Segment Open

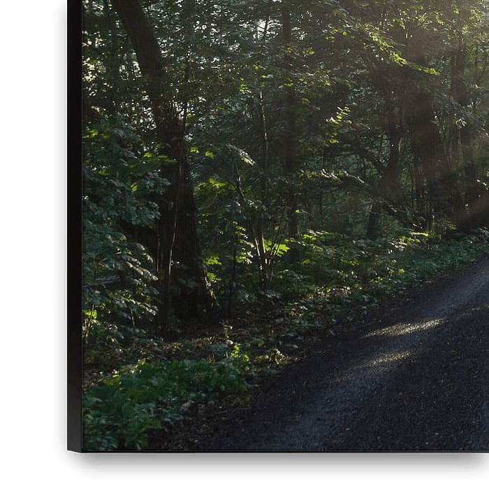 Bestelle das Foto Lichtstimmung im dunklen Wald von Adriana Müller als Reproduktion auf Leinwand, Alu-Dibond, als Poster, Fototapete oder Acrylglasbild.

Segment Closed
Segment Open

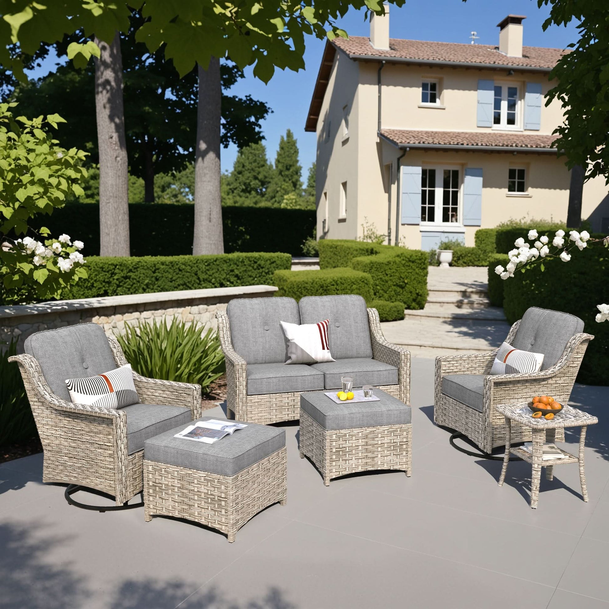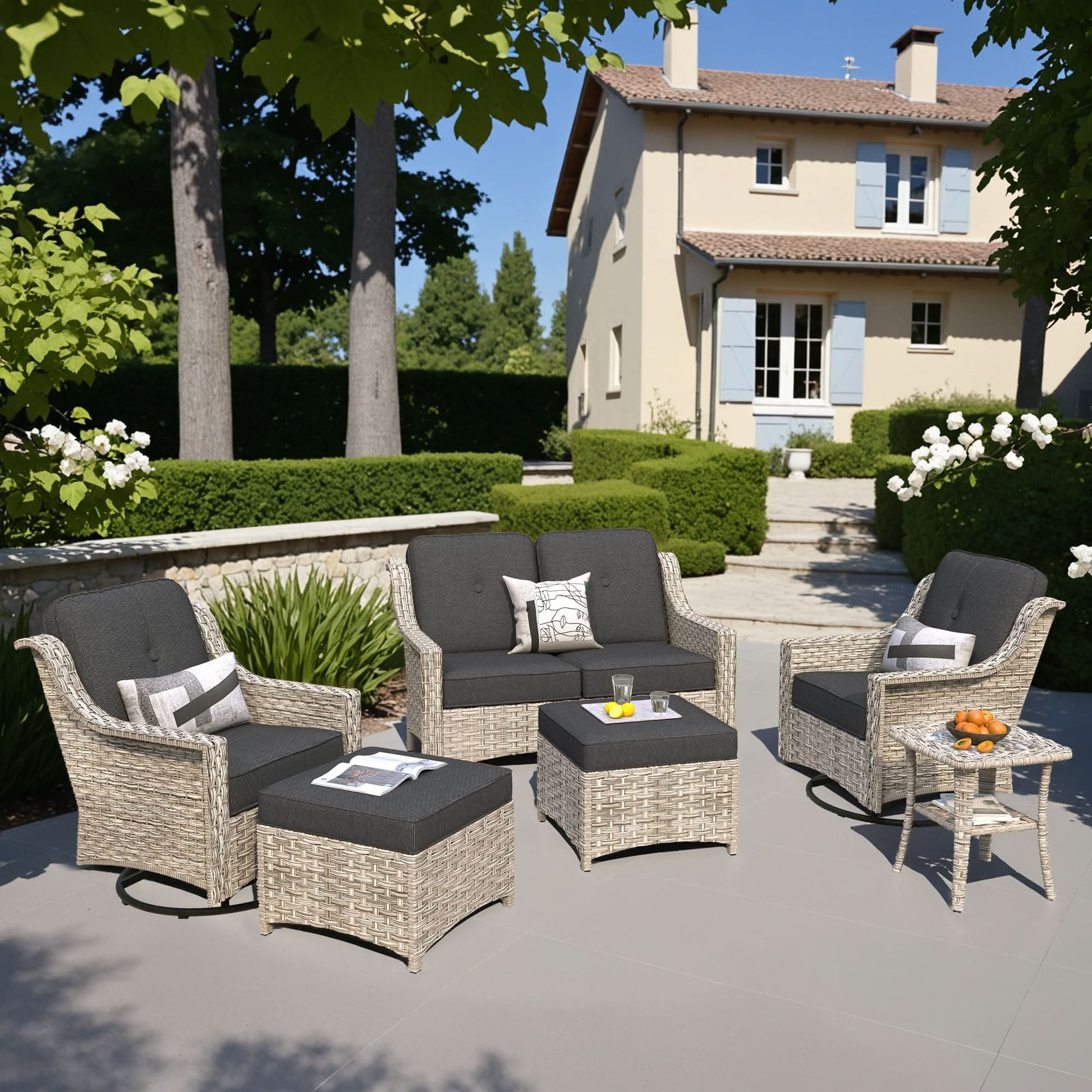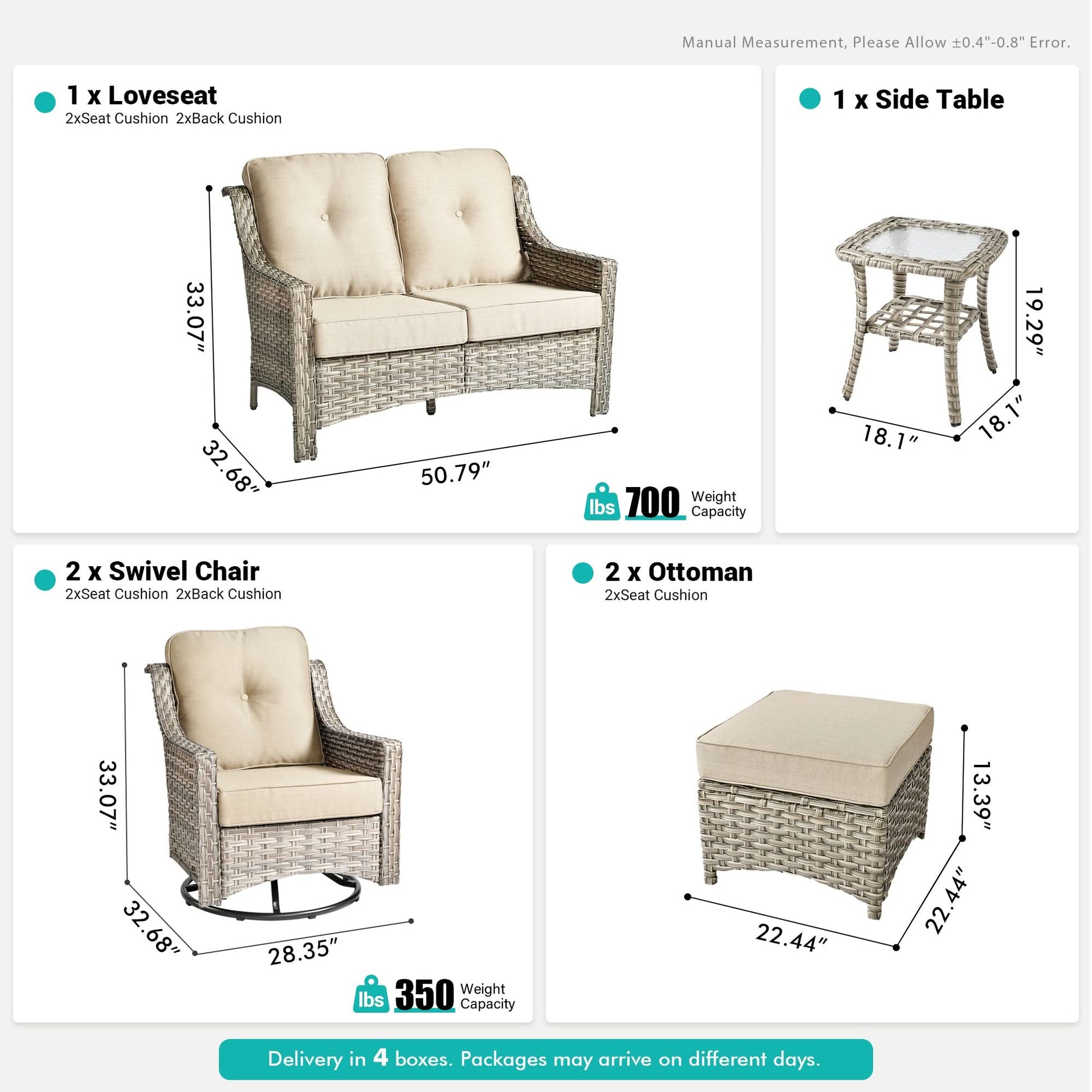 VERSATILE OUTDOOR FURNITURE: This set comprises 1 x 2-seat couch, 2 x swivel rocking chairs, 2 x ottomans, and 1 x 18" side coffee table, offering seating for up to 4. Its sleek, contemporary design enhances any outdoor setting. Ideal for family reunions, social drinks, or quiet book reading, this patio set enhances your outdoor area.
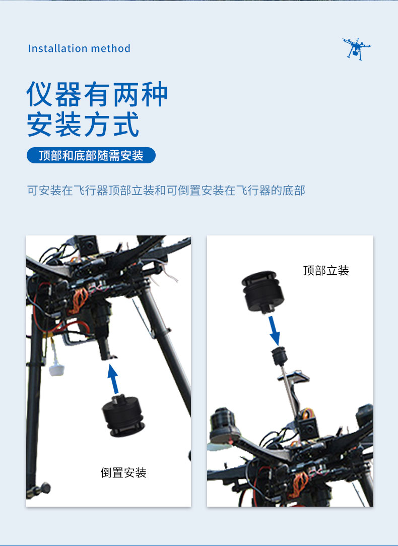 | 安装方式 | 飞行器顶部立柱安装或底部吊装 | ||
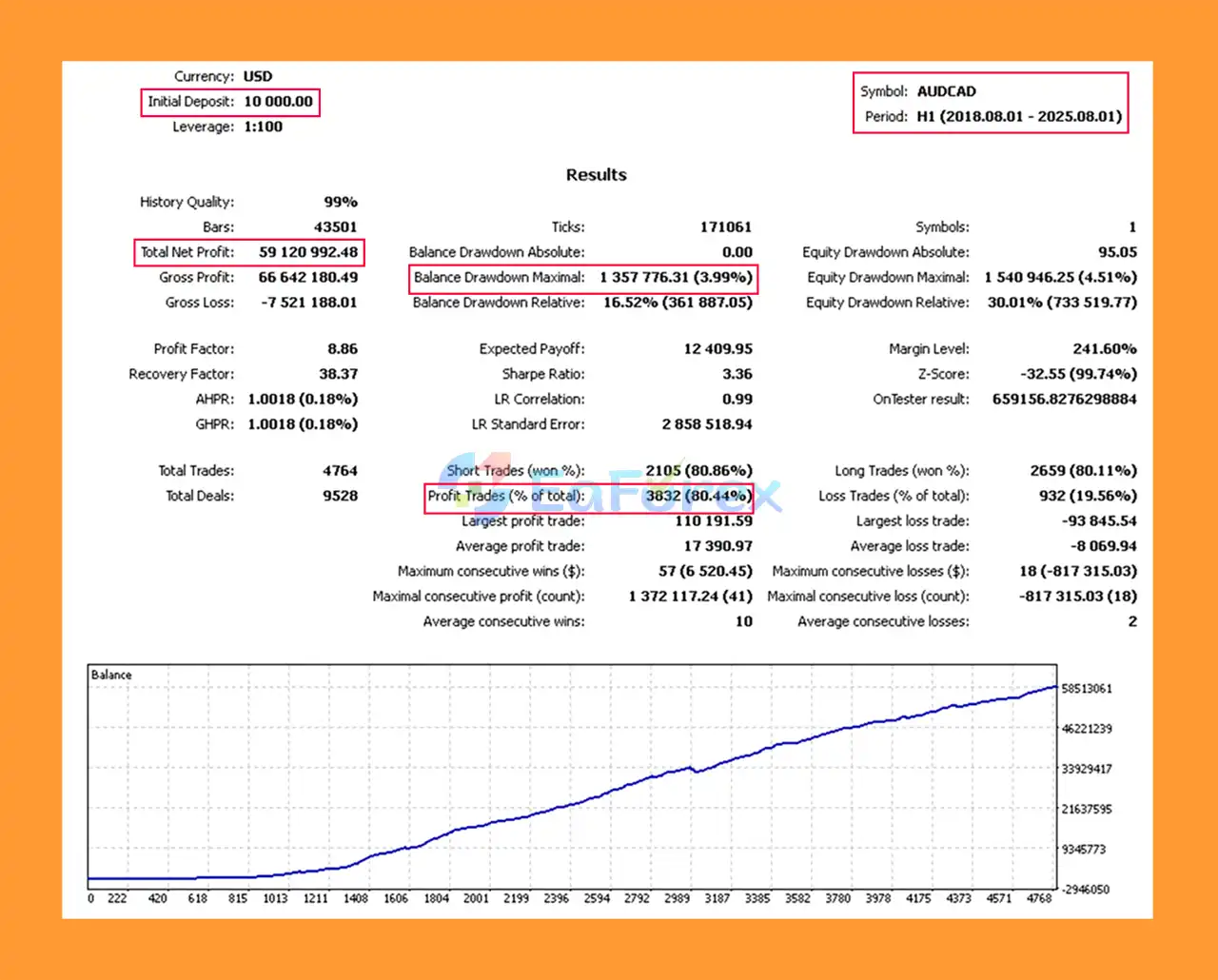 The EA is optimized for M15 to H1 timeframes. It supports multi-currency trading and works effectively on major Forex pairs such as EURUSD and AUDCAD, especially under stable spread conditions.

Segment Closed
Segment Open

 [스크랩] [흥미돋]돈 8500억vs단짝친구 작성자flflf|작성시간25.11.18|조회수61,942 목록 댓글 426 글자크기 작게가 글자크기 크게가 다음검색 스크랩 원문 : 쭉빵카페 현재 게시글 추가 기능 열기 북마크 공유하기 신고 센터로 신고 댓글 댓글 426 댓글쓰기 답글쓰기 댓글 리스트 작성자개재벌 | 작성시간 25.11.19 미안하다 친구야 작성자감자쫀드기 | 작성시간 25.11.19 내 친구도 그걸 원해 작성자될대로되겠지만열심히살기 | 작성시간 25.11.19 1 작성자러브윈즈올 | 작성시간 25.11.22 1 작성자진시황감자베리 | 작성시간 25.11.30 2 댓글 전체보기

Segment Closed

With the pictures removed, print only the lines starting at the line that has "飞行器顶部立柱安装或底部吊装 | ||" and ending at the line that has "The EA is optimized", both ends included, exactly as they stand above.

 | 安装方式 | 飞行器顶部立柱安装或底部吊装 | ||
 The EA is optimized for M15 to H1 timeframes. It supports multi-currency trading and works effectively on major Forex pairs such as EURUSD and AUDCAD, especially under stable spread conditions.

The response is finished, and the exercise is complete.